文档章节

【翻译】给新的Hadoop集群选择合适的硬件(三)

jeff-qq
 jeff-qq
发布于 2017/03/10 10:07
字数 1769
阅读 77
收藏 0

接上一篇:https://my.oschina.net/u/234661/blog/855913

其他考虑因素

It is important to remember that the Hadoop ecosystem is designed with a parallel environment in mind. When purchasing processors, we do not recommended getting the highest GHz chips, which draw high watts (130+). This will cause two problems: higher consumption of power and greater heat expulsion. The mid-range models tend to offer the best bang for the buck in terms of GHz, price, and core count.

时刻牢记,Hadoop生态系统被设计成并行的环境。当购买处理器的时候,不推荐购买主频最高、能耗高(超过130w)的芯片,这会引起2个问题:更高电量消耗和更大的发热量。

When we encounter applications that produce large amounts of intermediate data — outputting data on the same order as the amount read in — we recommend two ports on a single Ethernet card or two channel-bonded Ethernet cards to provide 2 Gbps per machine. Bonded 2Gbps is tolerable for up to about 12TB of data per nodes. Once you move above 12TB, you will want to move to bonded 4Gbps(4x1Gbps). Alternatively, for customers that have already moved to 10 Gigabit Ethernet or Infiniband, these solutions can be used to address network-bound workloads. Confirm that your operating system and BIOS are compatible if you’re considering switching to 10 Gigabit Ethernet.

当应用程序产生大量的中间数据时,数据的输出顺序跟读入顺序保持一致。推荐一个网卡开放2个端口或者通道聚合网卡来提供每个机器2Gbps的带宽。2Gbps的带宽可以容纳每个节点12TB的数据。一旦你需要移动12TB的数据,你需要4Gbps的带宽(4*1Gbps)。当然,很多客户已经用上了万兆以太网卡或者无限带宽,这个解决方案可以用在受网速限制的工作场景中。记得确认你的操作系统或BIOS是否兼容万兆网卡。

When computing memory requirements, remember that Java uses up to 10 percent of it for managing the virtual machine. We recommend configuring Hadoop to use strict heap size restrictions in order to avoid memory swapping to disk. Swapping greatly impacts MapReduce job performance and can be avoided by configuring machines with more RAM, as well as setting appropriate kernel settings on most Linux distributions.
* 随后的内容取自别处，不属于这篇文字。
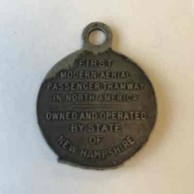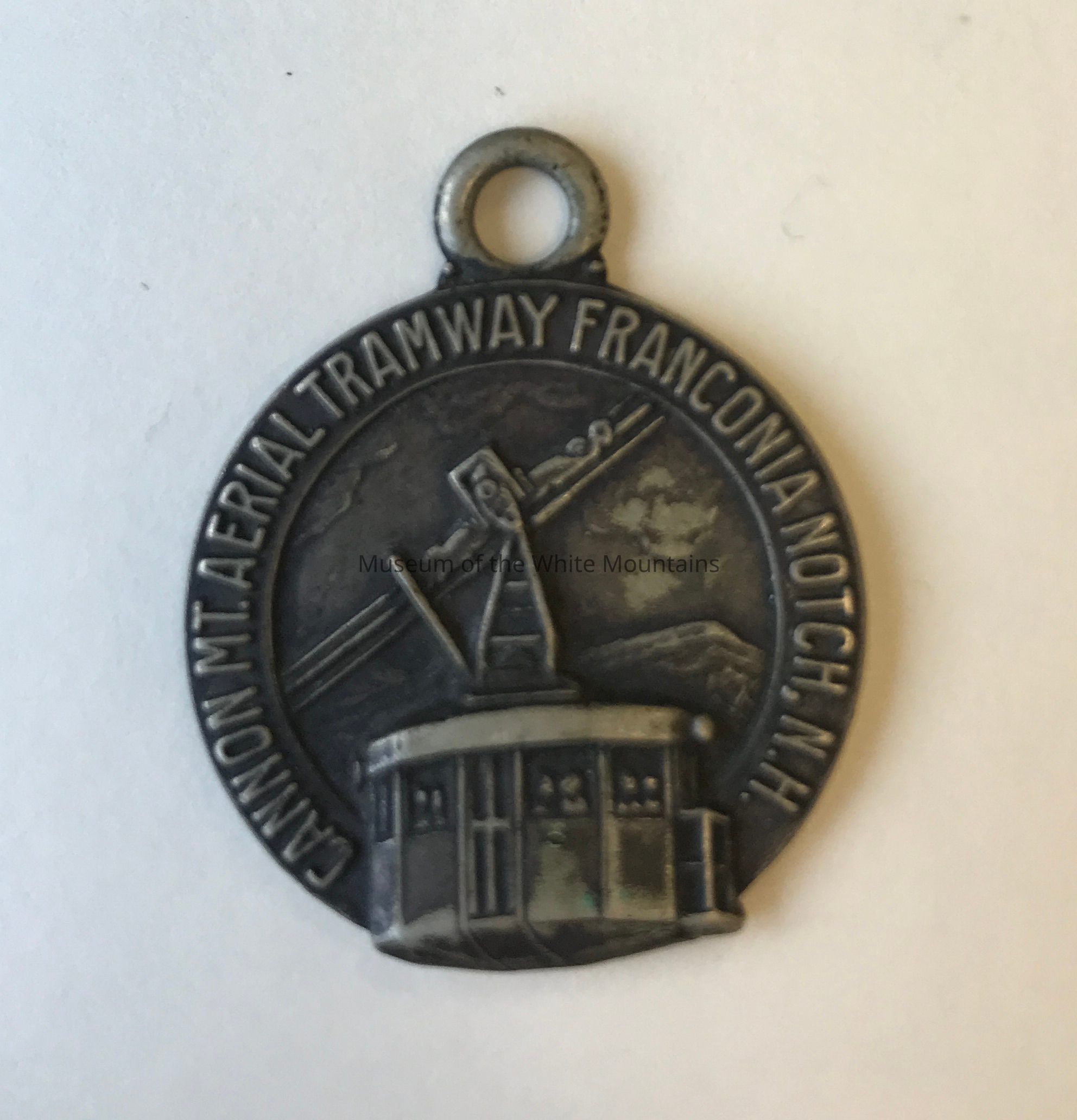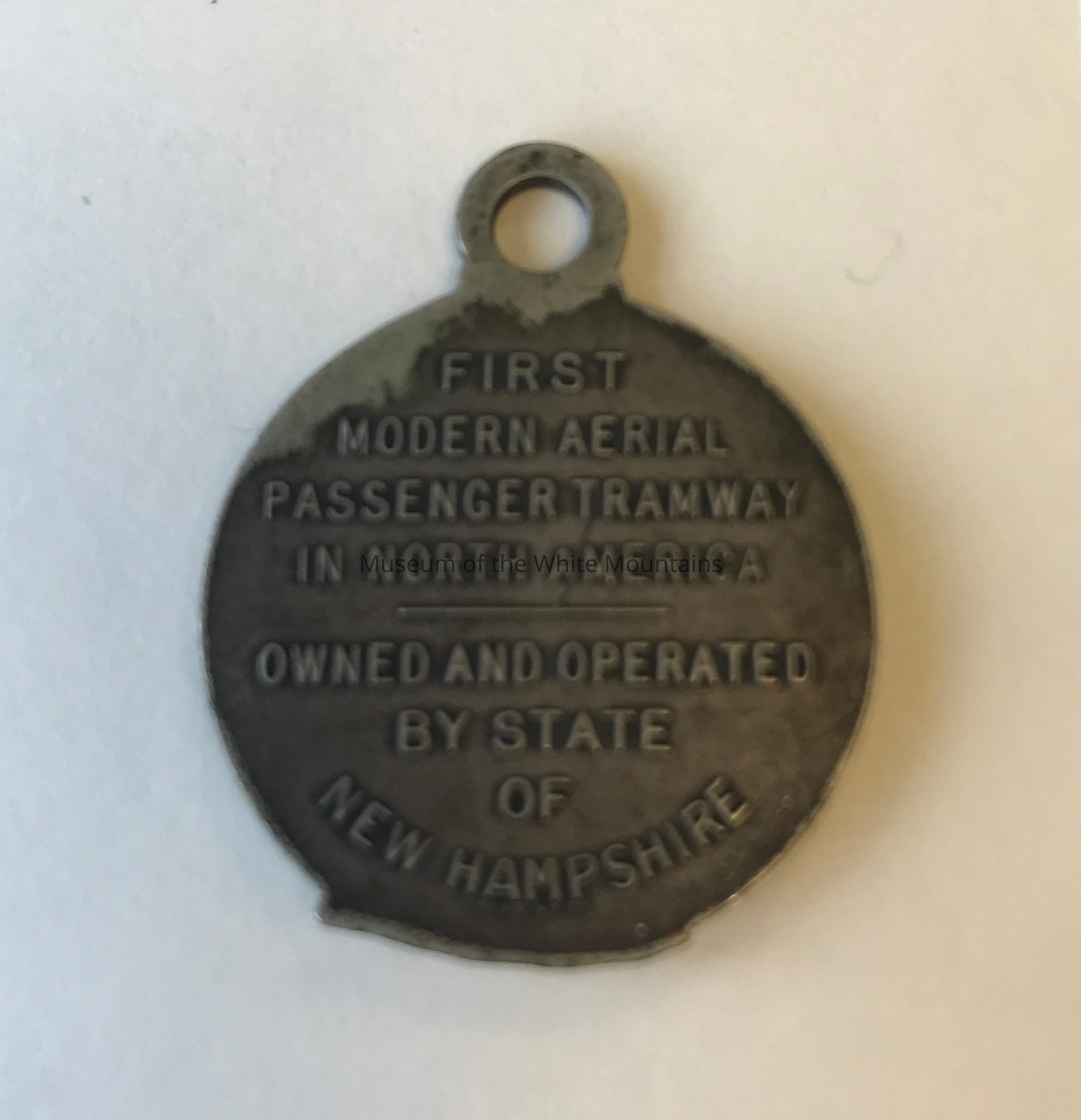 Cannon Mt. Aerial Tramway tourist souvenir. Small round metal pendant depicting a tram car. Marked "First modern aerial passenger tramway in North America. Owned and operated by State of New Hampshire" on the reverse. The pendant has some wear and a worn finish in areas. Item is undated, circa 1938.Acquisition

当计算内存时,记住Java虚拟机最多用10%来管理Java虚拟机。建议配置Hadoop时,明确堆的大小(heap size)来避免内存数据与磁盘交换。磁盘交换严重影响了MapReduce的性能,增加内存可以避免这个问题,当然,大多数发行版linux系统也可以通过修改恰当的内核设置。

It is also important to optimize RAM for the memory channel width. For example, when using dual-channel memory, each machine should be configured with pairs of DIMMs. With triple-channel memory each machine should have triplets of DIMMs. Similarly, quad-channel DIMM should be in groups of four.
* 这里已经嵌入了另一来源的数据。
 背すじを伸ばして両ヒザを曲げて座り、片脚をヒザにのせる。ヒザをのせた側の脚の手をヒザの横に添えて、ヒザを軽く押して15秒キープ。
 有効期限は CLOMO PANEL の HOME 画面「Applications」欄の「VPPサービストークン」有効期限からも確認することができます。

内存通道带宽堆优化内存也很重要。举个例子,双通道内存,每个机器需要配置的2个一组DDIM。三通道配置成3个一组DDIM。同理,4通道内存,需要4个组成一组DDIM。

不只是MapReduce

Hadoop is far bigger than HDFS and MapReduce; it’s an all-encompassing data platform. For that reason, CDH includes many different ecosystem products (and, in fact, is rarely used solely for MapReduce). Additional software components to consider when sizing your cluster include Apache HBase, Cloudera Impala, and Cloudera Search. They should all be run on the DataNode process to maintain data locality.
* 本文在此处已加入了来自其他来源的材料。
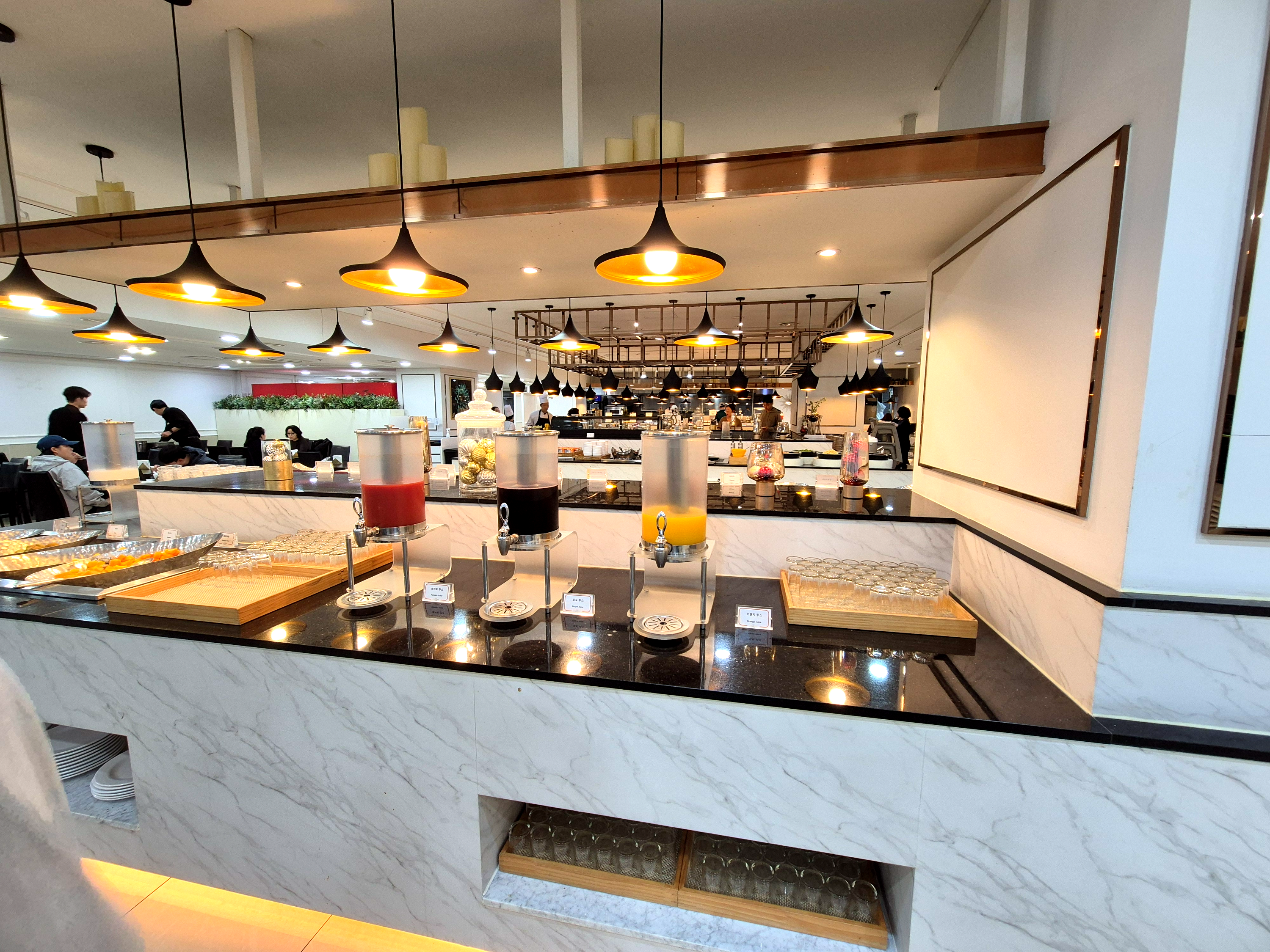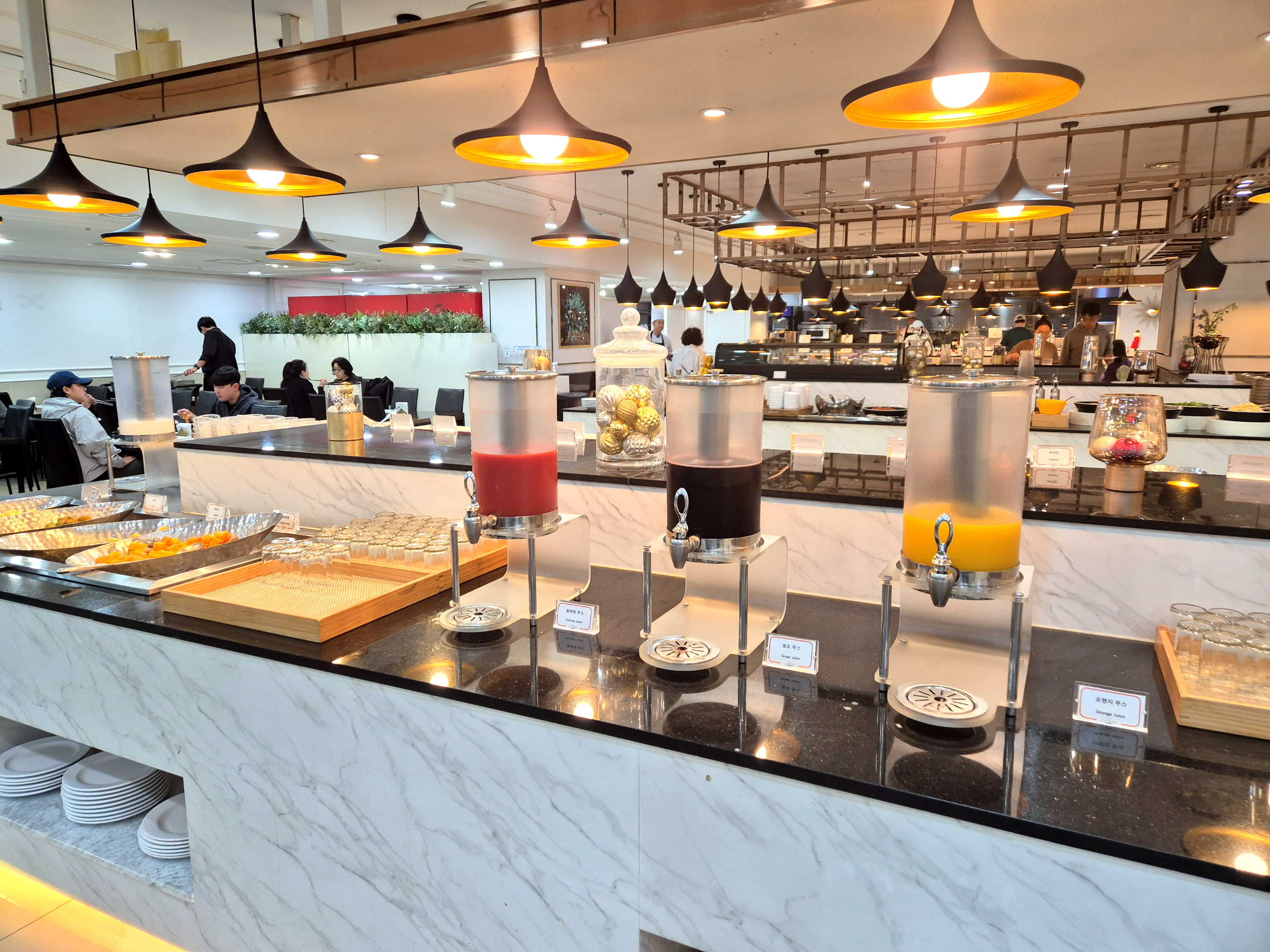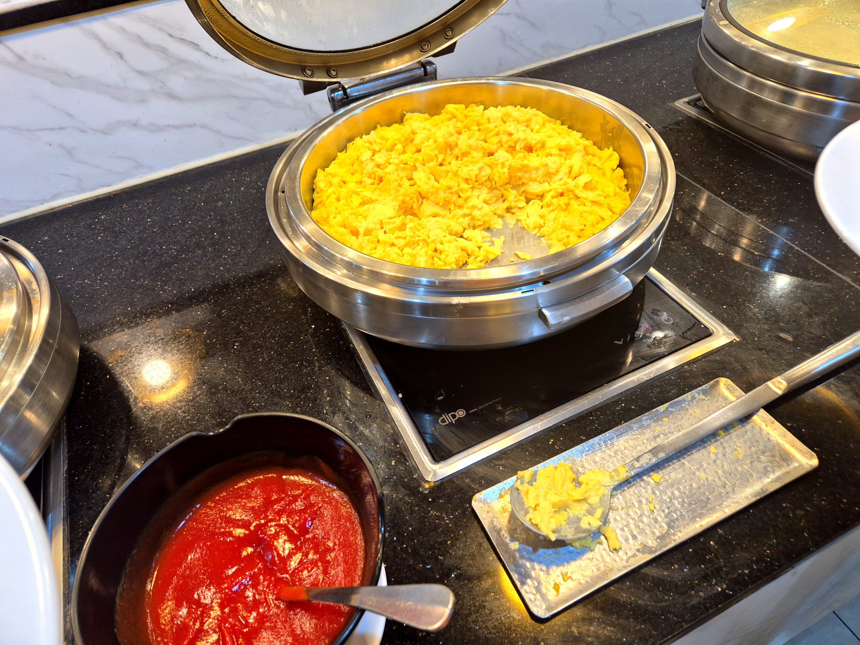 조식은 예상보다 훨씬 만족스러웠습니다. 스크램블 에그, 연어회, 감자그라탕, 불고기 등 다양한 메뉴가 준비되어 있었고, 따뜻한 커피가 함께 제공되어 아침부터 여유로운 식사를 즐길 수 있었어요. 패키지 혜택으로 이용해서 더 좋았던 것 같습니다.

Hadoop不只有HDFS和MapRecude。他是一个全面的数据平台。CDH包含了许多不同的程序(事实上,很少单独的用MapReduce。其他软件也需要被考虑在集群内,包括Hbase,Cloudera Impala,Cloudera Search。他们应该运行在DataNode进程上就地维护数据。

HBase is a reliable, column-oriented data store that provides consistent, low-latency, random read/write access. Cloudera Search solves the need for full text search on content stored in CDH to simplify access for new types of users, but also open the door for new types of data storage inside Hadoop. Cloudera Search is based on Apache Lucene/Solr Cloud and Apache Tika and extends valuable functionality and flexibility for search through its wider integration with CDH. The Apache-licensed Impala project brings scalable parallel database technology to Hadoop, enabling users to issue low-latency SQL queries to data stored in HDFS and HBase without requiring data movement or transformation.

HBase是一个可靠的,面向列的、连续的,低延迟、随机读写数据库。

CS基于Lucene、Solr、Tika。兼顾了灵活性和功能性,因此广泛继承在CDH中。基于Apache协议的Impala项目带来了可扩展的数据库并行技术,不需要数据移动或转换就解决了HDFS和HBase低延时SQL查询的问题。

HBase users should be aware of heap-size limits due to garbage collector (GC) timeouts. Other JVM column stores also face this issue. Thus, we recommend a maximum of ~16GB heap per Region Server. HBase does not require too many other resources to run on top of Hadoop, but to maintain real-time SLAs you should use schedulers such as fair and capacity along with Linux Cgroups.

HBase用户需要关注堆内存大小的限制,由于垃圾回收暂停。其他基于JVM的列存储系统都会面临这一问题。因此,我们建议每个RegionServer最大分配16GB堆内存。HBase在Hadoop上不需要太多其他的资源,但是为了保持实时的SLA ,应该使用调度器,如Linxu控制组提供的公平调度器和容量调度器。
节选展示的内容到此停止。